Dear Mr. Market:
Nobody likes traffic but it’s without question a part of our daily lives. Being stuck behind a long line of cars and seeing nothing but red taillights is even more aggravating when you are short on time and need to be somewhere soon. Many of us try to do whatever we can to avoid traffic; whether it be leaving earlier, taking side streets, carpooling, or relying on tools like GPS apps that show us the best routes to take. What does this have to do with investing? Everything…

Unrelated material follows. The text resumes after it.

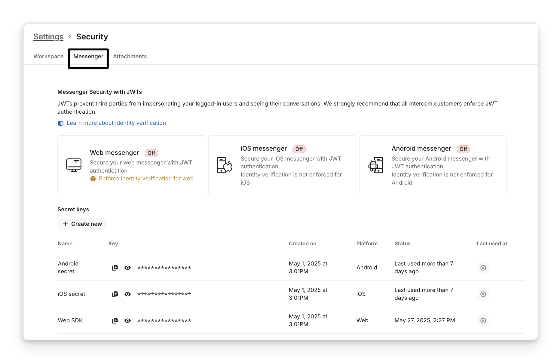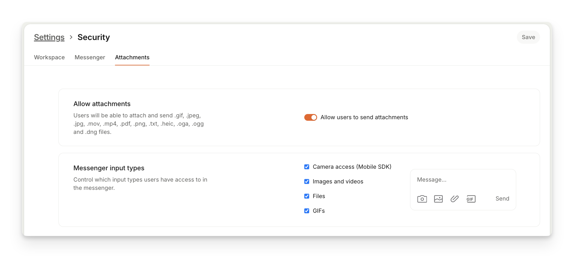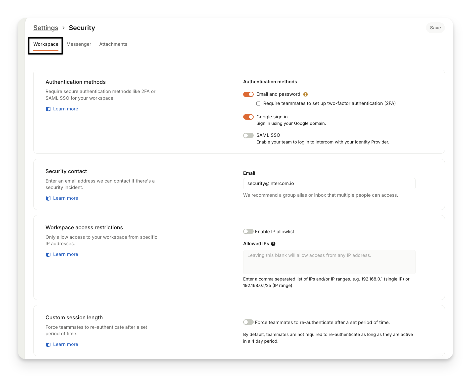 Some settings have multiple tabs across the top to help you configure different elements. For example, Security data includes configurations for Workspace, Messenger and Attachments.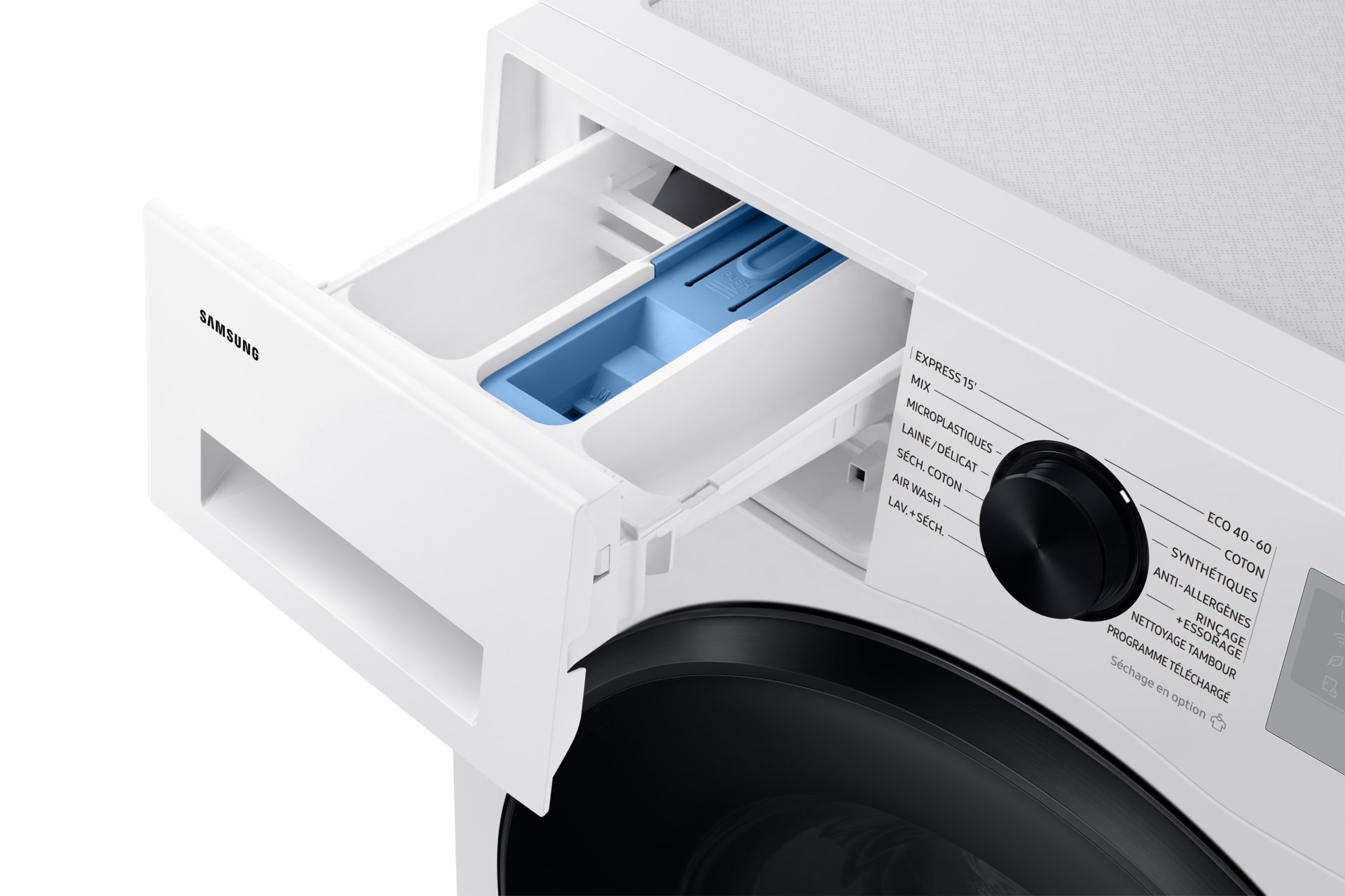 Samsung WD90DG5B15BH. Type lader: Voorbelading, Apparaatplaatsing: Vrijstaand, Kleur van het product: Wit. Droogcapciteit: 6 kg, Maximale centrifugesnelheid: 1400 RPM, Centrifuge-droger klasse: B. Energie-efficiëntieklasse (wassen): A, Energie-efficiëntieklasse (wassen en drogen): D, Water verbruik wassen: 50 l. Samsung-technologieën (kledingzorg): SmartThings, ecobubble™. Diepte: 600 mm, Breedte: 600 mm, Hoogte: 850 mm

If you haven’t yet learned or heard why the freeway is perhaps the most important analogy for the success of your portfolio…you need to commit this article to memory. Your local freeway can teach you why 90% of your portfolio’s performance is dependent on what lanes you choose to drive in and only 10% on how fast your car is.
Take for example, Interstate 405 in Los Angeles…which happens to be the busiest stretch of highway there is in the nation. Let’s say you need to get from Long Beach to LA in what normally takes about 30 minutes. You hop in your car and hit the fast lane and seem to be making great time averaging 65 mph. No sooner than about 10 minutes into your drive your lane comes to a screeching halt. After about almost a mile of grinding away at five mph you decide to switch into the lane to your right which is now flowing much faster. Almost within seconds of doing this, the lane you were just in passes you by! Your 30 minute trip to LA will now take you at least an hour and possibly more at this pace.
This simple but nightmarish traffic scenario happens daily to over 400,000 drivers along the 405 but it also absolutely ruins millions of portfolio every year! Pretend each lane of the freeway represents an asset class. (ex: Large Caps, Small Caps, International, and Bonds) On any given year one “lane” (or asset class) will lead the markets but the likelihood of it doing so the next is rare and if you look at historical returns there is no discernible pattern. CLICK HERE to review how asset classes have performed each year from 1994 to 2013:
One of the better examples of this is Emerging Markets in the early 2000’s.
The BRIC’s (Brazil, Russia, India, and China) were all the rage from 2003 until 2007. Hardly any investors had the courage to step in until late 2007 because they were still licking their wounds from the “dot com” crash. Many people hid in cash or gravitated to Bonds which turned in a +10.26% year in 2002.